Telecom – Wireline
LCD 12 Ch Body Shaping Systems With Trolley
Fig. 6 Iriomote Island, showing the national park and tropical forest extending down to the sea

--

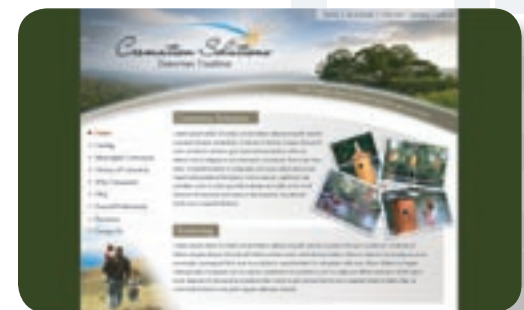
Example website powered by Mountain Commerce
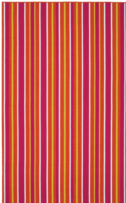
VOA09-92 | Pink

---

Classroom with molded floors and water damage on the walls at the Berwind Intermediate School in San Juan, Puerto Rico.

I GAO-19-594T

**Problem requirements:**
From the data above, return every line from the line that has "Telecom – Wireline" up to and including the line that has "Fig. 6 Iriomote", exactly.

**Worked solution:**
Telecom – Wireline
LCD 12 Ch Body Shaping Systems With Trolley
Fig. 6 Iriomote Island, showing the national park and tropical forest extending down to the sea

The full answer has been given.